→ TASK GOAL: Set down only these lines, exactly: the line containing "Självklart kan du" and all lines through the end of the data below. Omit pictures.

→ Excerpts from a dataset:
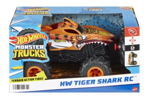 S dálkově ovládaným truckem Tiger Shark v měřítku 1:24 se můžete pustit do úžasné akce s Hot Wheels® Monster Trucks! Tento nezkrotný dravec se dokáže prodírat různými překážkami díky terénním akčním pneumatikám a pohonu všech kol. Spusťte žraločí kousání zuby, když rozbíjí a naráží do všeho, co mu stojí v cestě. Barvy a vzhled výrobku se mohou lišit. Doporučený věk 4+
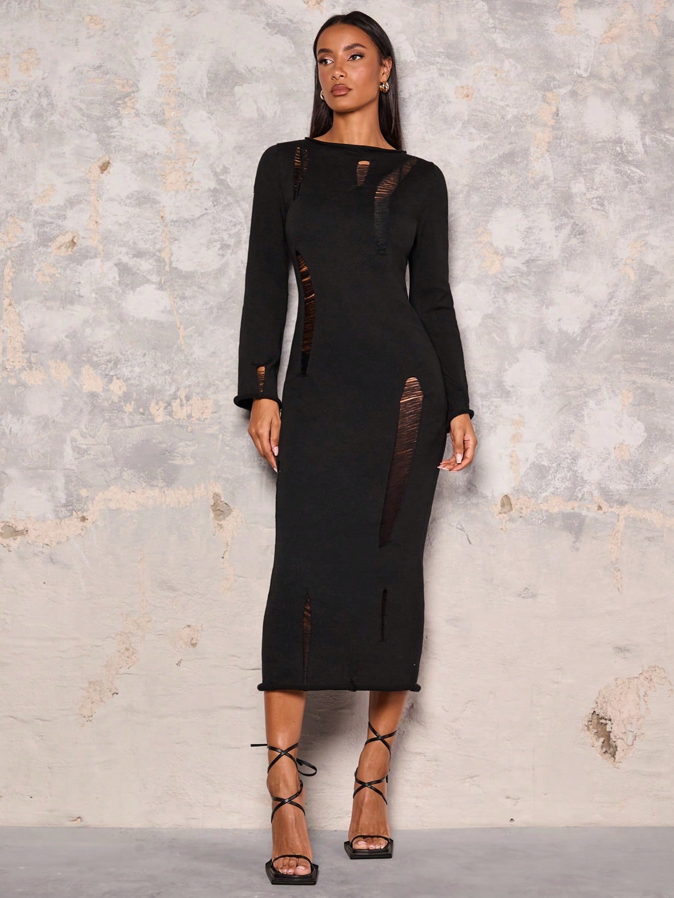 Glamine Mid-Length Solid Color Hollow Long Sleeve Sweater Dress For Women
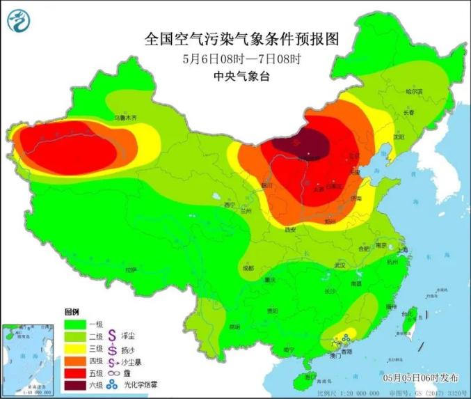 5月7日,沙尘影响减弱,中西部及东部偏南地区受局地扬沙或浮尘影响,空气质量将达到轻度污染。
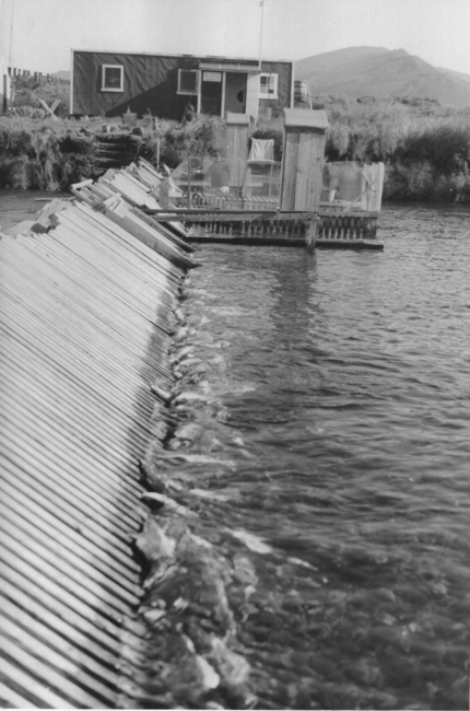 Karluk Investigations 1948. Karluk River, Alaska. Spawned-out pink salmon dead at Karluk River counting weir. Kodiak National Wildlife Refuge; ARLIS; Alaska; FWS-1253
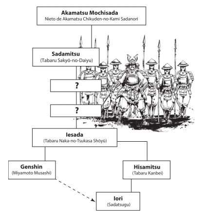 Como el árbol genealógico omite a dos generaciones enteras, no queda claro si los Tabaru de Yonedamura eran parientes directos del clan Akamatsu. Durante el periodo Edo, las familias de samuráis solían ampliar su linaje a través de alguna asociación poco convincente con un notable antepasado. Solía ser difícil, cuando no imposible, verificar la autenticidad de dicha asociación y, además, una vez que quedaba registrada por escrito, se convertía en parte indisoluble de la tradición familiar. Éste es el motivo por el que las raíces de Musashi están envueltas en tanto misterio. No obstante, las fuentes más fiables con las que contamos en la actualidad refuerzan la hipótesis de que Musashi era un Tabaru y de que se convirtió en el «hijo adoptivo» de Shinmen Muninosuke (Miyamoto Munisai) a la edad de nueve años.
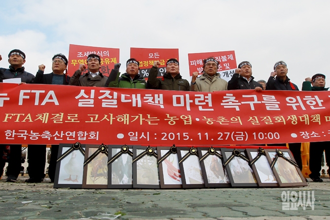 한국농축산협회 관계자들이 27일 오전 서울 여의도 국회 정문 앞에서 한·중, 베, 뉴(중국, 베트남, 뉴질랜드 ) FTA 실질대책 마련 촉구를 위한 긴급기자회견에 구호를 외치고 있다.
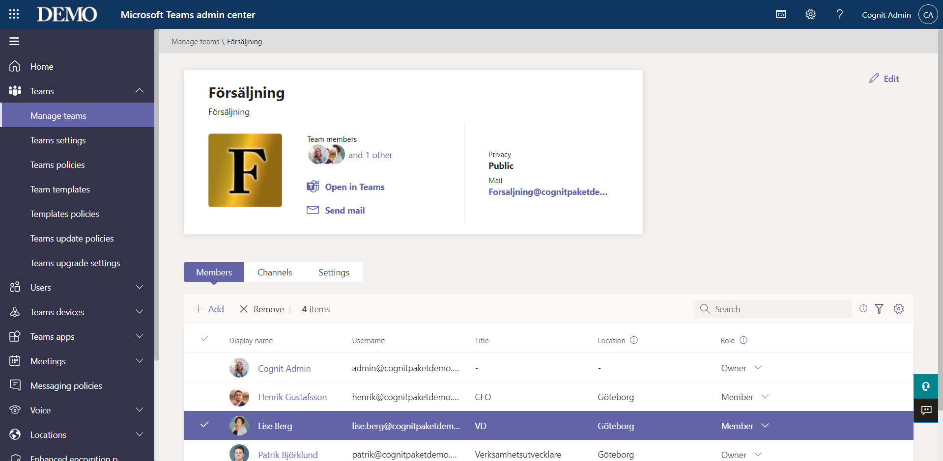Självklart kan du också göra de här ändringarna direkt i Teams om du är ägare i berörda Team.
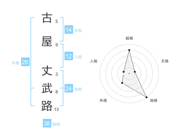 古屋 丈武路さんを姓名の画数から五運を鑑定
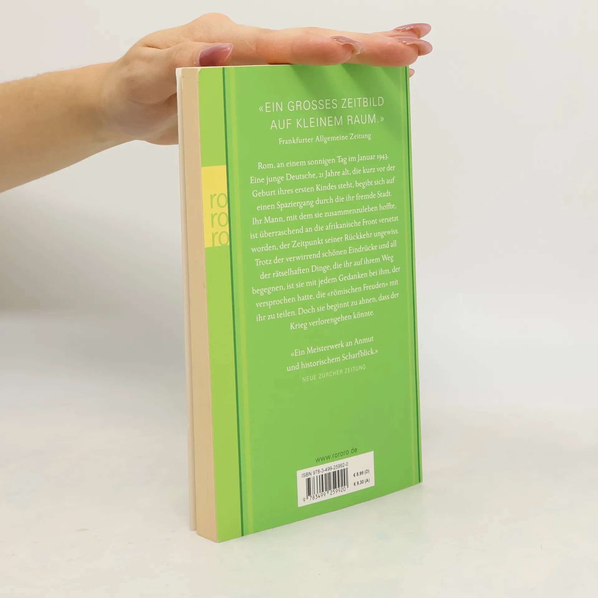 Rom, an einem sonnigen Tag im Januar 1943. Eine junge Deutsche, 21 Jahre alt, die kurz vor der Geburt ihres ersten Kindes steht, begibt sich auf einen Spaziergang durch die ihr fremde Stadt. Ihr Mann, mit dem sie zusammenzuleben hoffte, ist überraschend an die afrikanische Front versetzt worden, der Zeitpunkt seiner Rückkehr ungewiss. Trotz der verwirrend schönen Eindrücke und all der rätselhaften Dinge, die ihr auf ihrem Weg begegnen, ist sie mit jedem Gedanken bei ihm, der versprochen hatte, die «römischen Freuden» mit ihr zu teilen. Doch sie beginnt zu ahnen, dass der Krieg verloren gehen könnte.
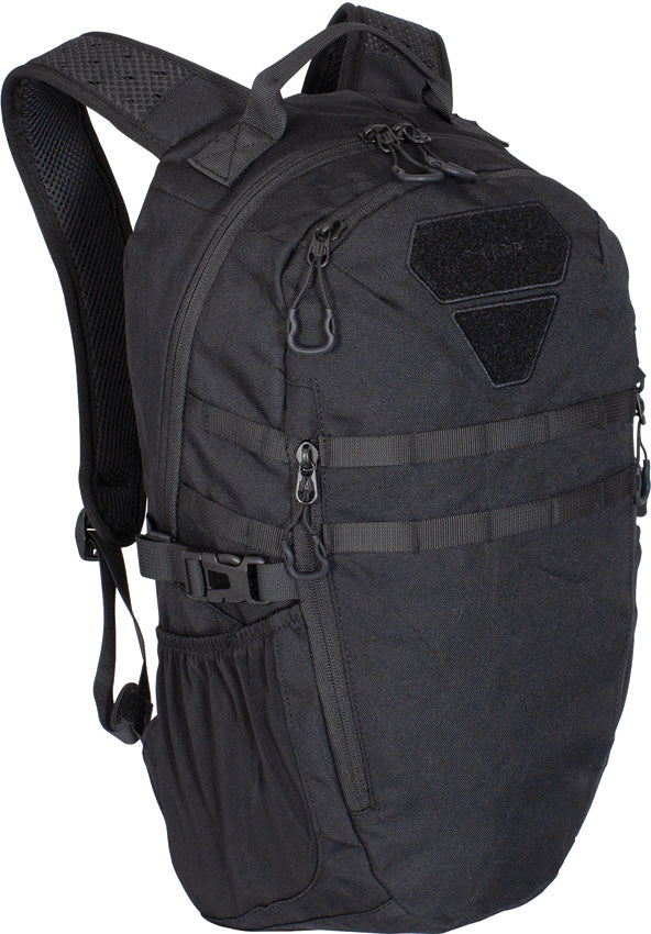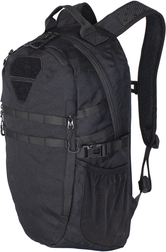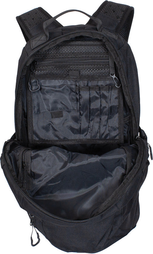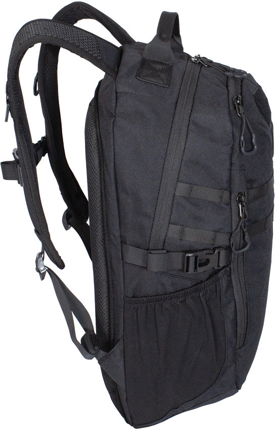 Dimensions: 18.88" x 11" x 5.75". 20 liter capacity. Front zipped stash pocket. Front zipped large pocket. Front zip quick access to main compartment. (2) side compression straps. (2) elastic side pockets. Detachable inner organizer. Adjustable padded shoulder and chest straps. Airmesh padded back system. Hook and loop ID patch. Hydration pocket with pass through port. Color: Black. Bulk packed.
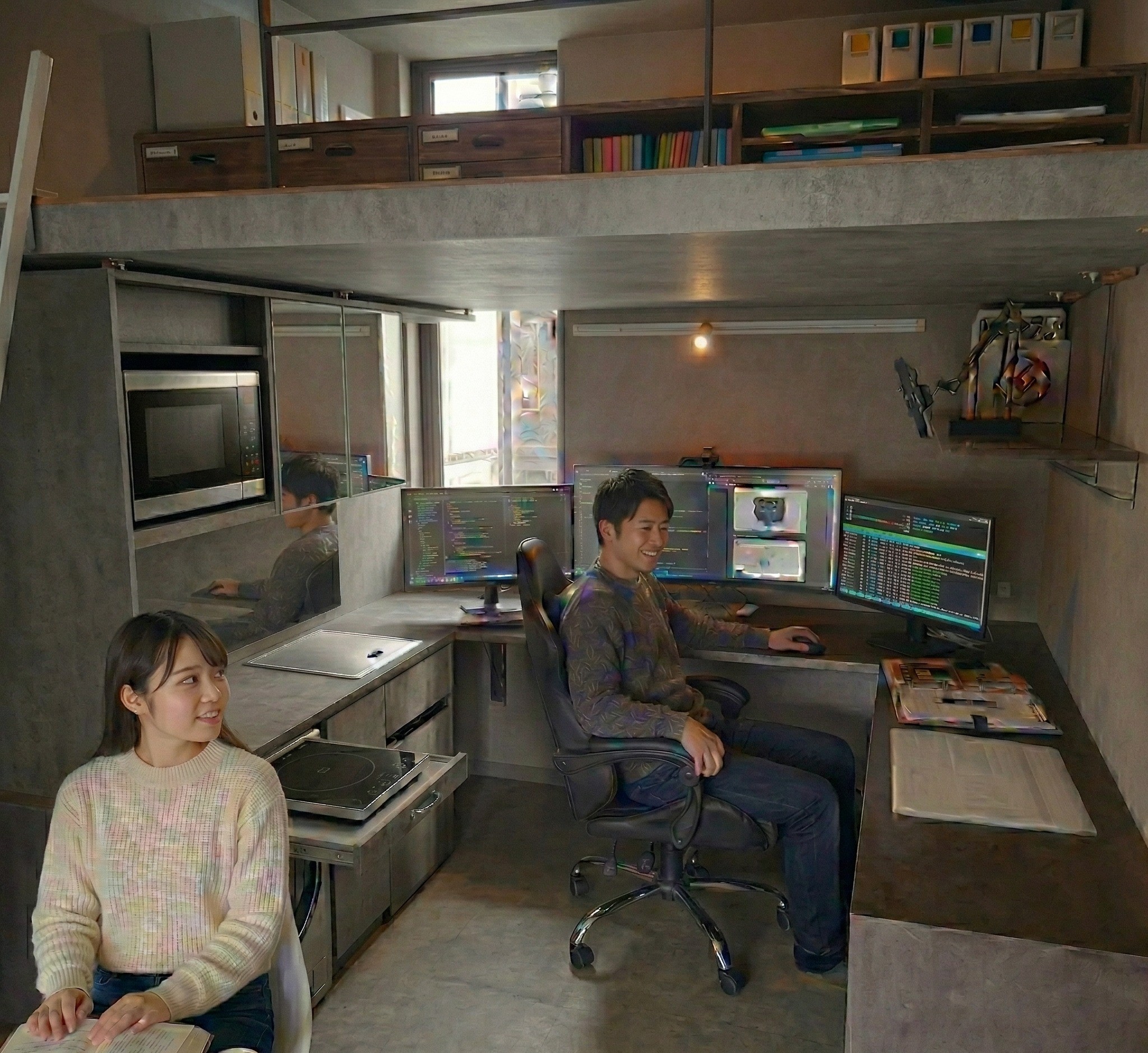 ワンルームの戸建て事務所(ワン戸建) 紀寺のモデルハウスを少しだけAIでステージングしました。 オリジナルのミニキッチンを盛り込みました。 引出式IHも表現して…
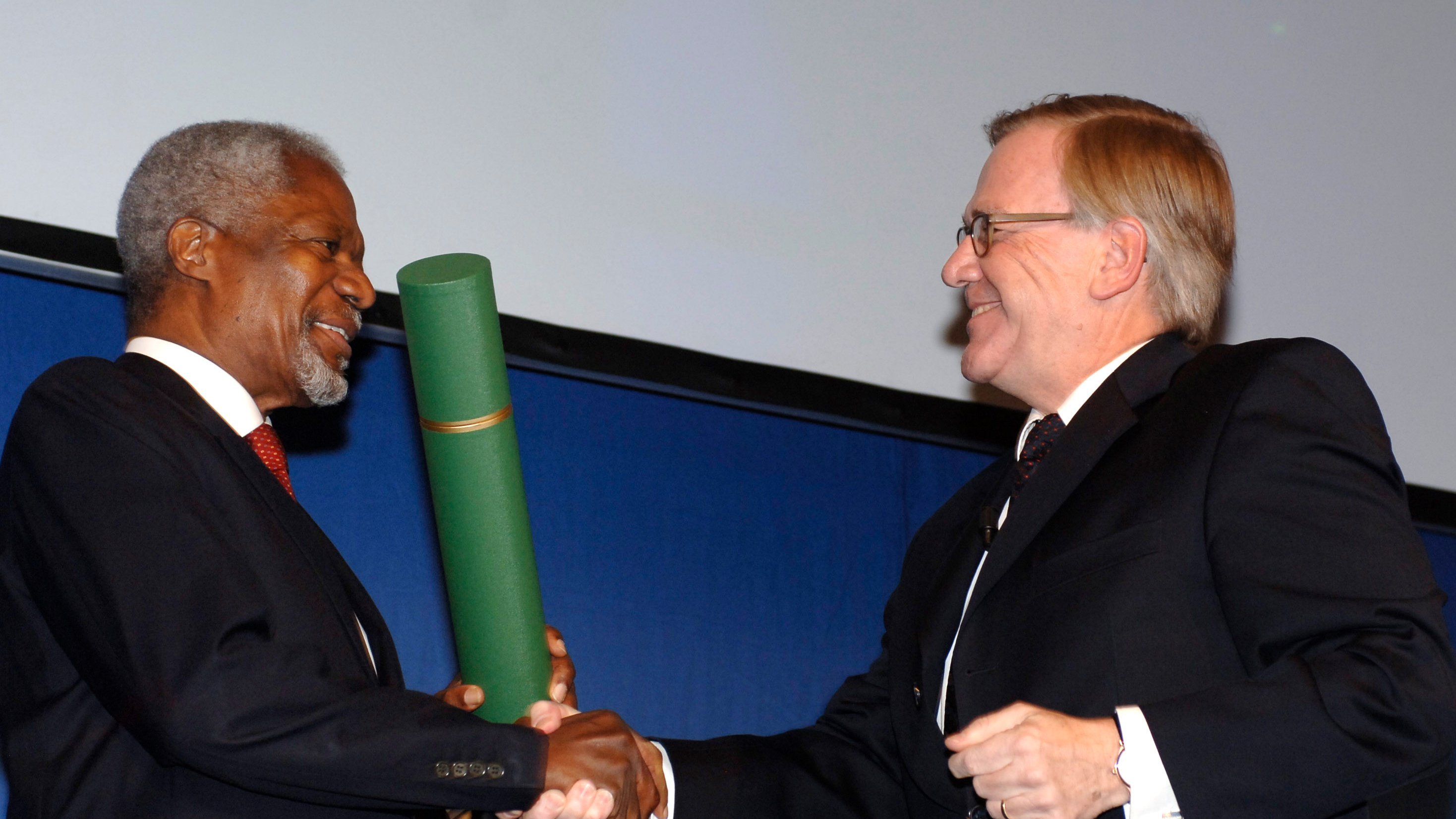 In its fifty-year long history, the St.Gallen Symposium has had some great moments, one of them being the discussion panel with the German President of the Employers Association Hanns Martin Schleyer and the DGB Chairman Heinz Oskar Vetter (1977). Remarkable speeches were delivered by Edouard Balladur, former French Finance Minister, Dr. Alfred Herrhausen, Chairman of the Board of Deutsche Bank, Dr Markus Lusser, President of the Swiss National Bank, Paul A. Volcker, former US Federal Reserve Chairman and Muhammad Yunus (2006 Nobel Peace Prize laureate). In November 2006, the then UN Secretary-General Kofi Annan was presented with the Max Schmidheiny Foundation Freedom Award (awarded in 2003). The 2003 award ended this tradition, which had continued since 1979.
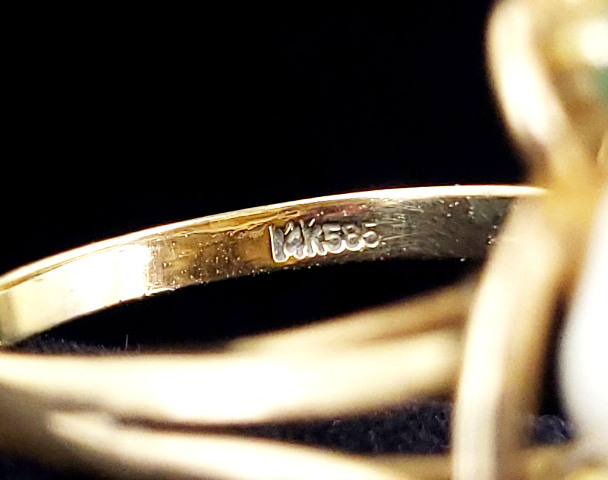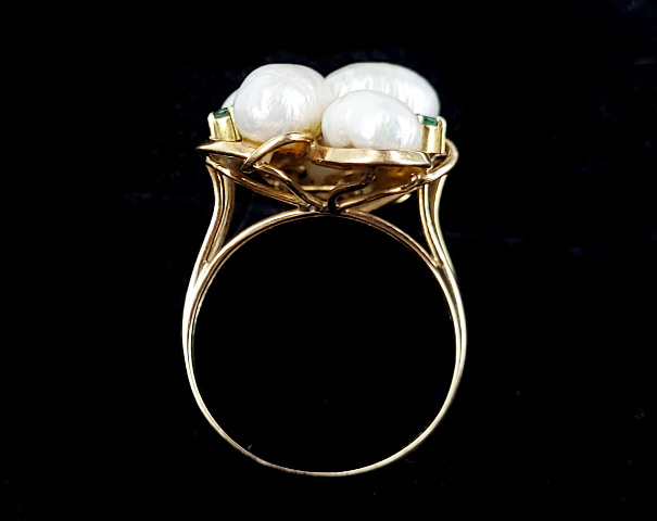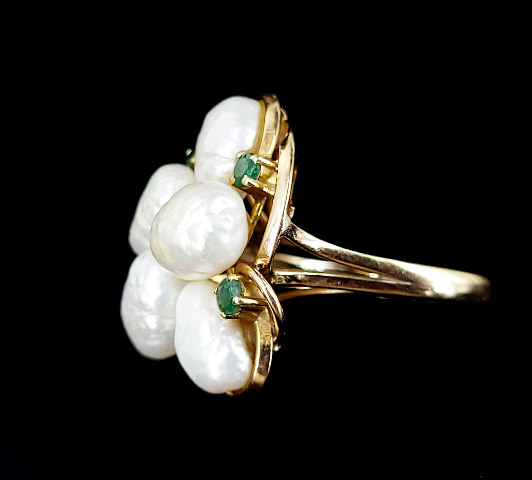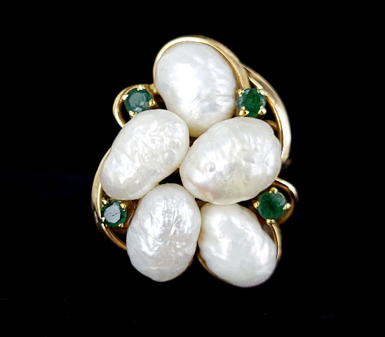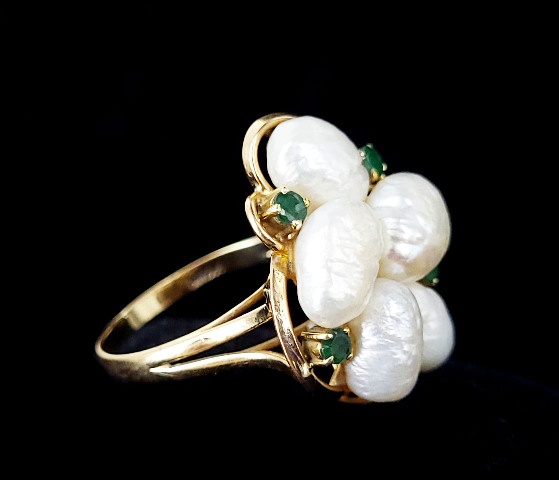 The item up for offer is a vintage mid century 14k yellow gold emerald and pearl ring. This ring features 4 round emerald stones, surrounding a cluster of puffy freshwater pearls. This piece is marked "14k" and "585".

→ WRITTEN ANSWER:
Självklart kan du också göra de här ändringarna direkt i Teams om du är ägare i berörda Team.
 古屋 丈武路さんを姓名の画数から五運を鑑定
 Rom, an einem sonnigen Tag im Januar 1943. Eine junge Deutsche, 21 Jahre alt, die kurz vor der Geburt ihres ersten Kindes steht, begibt sich auf einen Spaziergang durch die ihr fremde Stadt. Ihr Mann, mit dem sie zusammenzuleben hoffte, ist überraschend an die afrikanische Front versetzt worden, der Zeitpunkt seiner Rückkehr ungewiss. Trotz der verwirrend schönen Eindrücke und all der rätselhaften Dinge, die ihr auf ihrem Weg begegnen, ist sie mit jedem Gedanken bei ihm, der versprochen hatte, die «römischen Freuden» mit ihr zu teilen. Doch sie beginnt zu ahnen, dass der Krieg verloren gehen könnte.
 Dimensions: 18.88" x 11" x 5.75". 20 liter capacity. Front zipped stash pocket. Front zipped large pocket. Front zip quick access to main compartment. (2) side compression straps. (2) elastic side pockets. Detachable inner organizer. Adjustable padded shoulder and chest straps. Airmesh padded back system. Hook and loop ID patch. Hydration pocket with pass through port. Color: Black. Bulk packed.
 ワンルームの戸建て事務所(ワン戸建) 紀寺のモデルハウスを少しだけAIでステージングしました。 オリジナルのミニキッチンを盛り込みました。 引出式IHも表現して…
 In its fifty-year long history, the St.Gallen Symposium has had some great moments, one of them being the discussion panel with the German President of the Employers Association Hanns Martin Schleyer and the DGB Chairman Heinz Oskar Vetter (1977). Remarkable speeches were delivered by Edouard Balladur, former French Finance Minister, Dr. Alfred Herrhausen, Chairman of the Board of Deutsche Bank, Dr Markus Lusser, President of the Swiss National Bank, Paul A. Volcker, former US Federal Reserve Chairman and Muhammad Yunus (2006 Nobel Peace Prize laureate). In November 2006, the then UN Secretary-General Kofi Annan was presented with the Max Schmidheiny Foundation Freedom Award (awarded in 2003). The 2003 award ended this tradition, which had continued since 1979.
 The item up for offer is a vintage mid century 14k yellow gold emerald and pearl ring. This ring features 4 round emerald stones, surrounding a cluster of puffy freshwater pearls. This piece is marked "14k" and "585".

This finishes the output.